Superior isolation model
Nitro Enclaves run as completely separate virtual machines with their own kernels. This provides robust isolation boundaries that are well-suited to cloud environments where multiple tenants share underlying hardware.
Restrictive network design
Enclaves are designed with security in mind: no persistent storage, no external network access, and no SSH access. They can only communicate with their parent EC2 instance through a secure channel, creating a highly restrictive security boundary that's essential for cloud-deployed TEEs.
Custom operating system support
Nitro Enclaves support custom Enclave Image Files (EIFs), allowing different operating systems for the parent instance and the enclave itself. This enables additional security layers. At Turnkey, we've developed QuorumOS, an open-sourced custom Linux unikernel built in Rust specifically for our enclave environments.
Cloud-first architecture
As a cloud-native platform, AWS Nitro Enclaves integrate seamlessly with the broader AWS ecosystem. This tight integration provides the reliability and support infrastructure necessary for API-driven services like Turnkey, where developers interact with our wallet infrastructure through web APIs backed by AWS instances.
Choosing the right TEE for your use case
Today, teams like Dropp, Parallel Studios, and Spectral use Turnkey to create embedded wallets and automate onchain transactions while maintaining the security guarantees that only TEE-based infrastructure can provide.
The optimal TEE choice depends entirely on your specific requirements and constraints. ARM TrustZone excels in mobile and embedded applications where efficiency is paramount. Intel SGX suits applications with strict memory constraints that can work within its limitations.

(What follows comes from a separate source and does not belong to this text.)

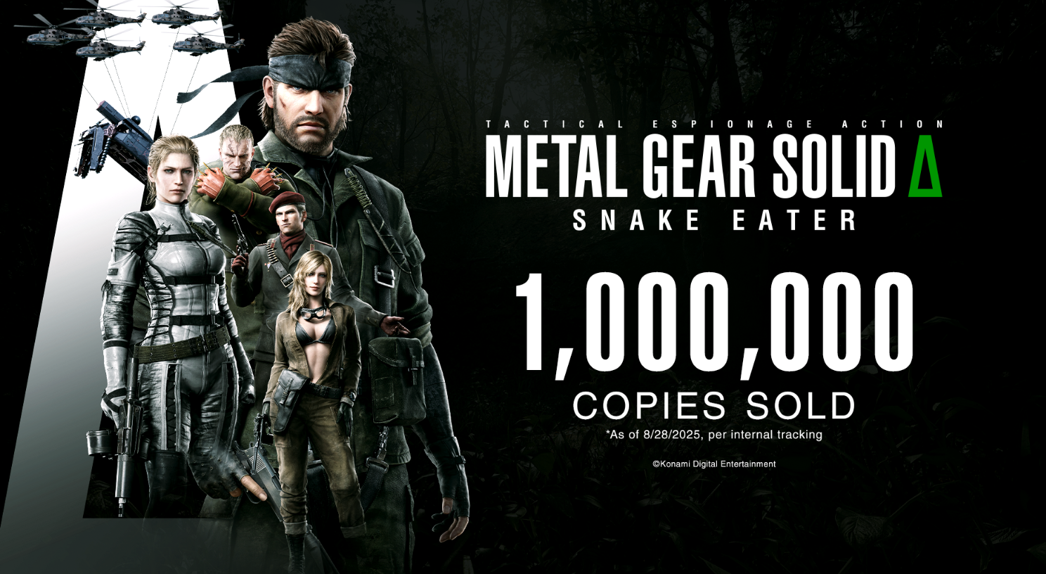 畅想网络关注,Konami Digital Entertainment 今日宣布,《合金装备 3:重制版》(METAL GEAR Δ) 在 PlayStation5、Xbox Series X|S 及 PC (Steam) 平台的全球累计销售量已突破一百万套。

For cloud-native applications requiring flexible resources, strong isolation, and horizontal scalability — like modern wallet infrastructure — AWS Nitro Enclaves provide the optimal balance of security and performance.
The Turnkey advantage: secure infrastructure at scale
By building on AWS Nitro Enclaves, Turnkey delivers wallet infrastructure that ensures no raw private keys are ever exposed to developers or even to Turnkey itself.
Our architecture enables non-custodial wallet solutions where not even Turnkey can access private keys or modify developer code running within the secure enclave.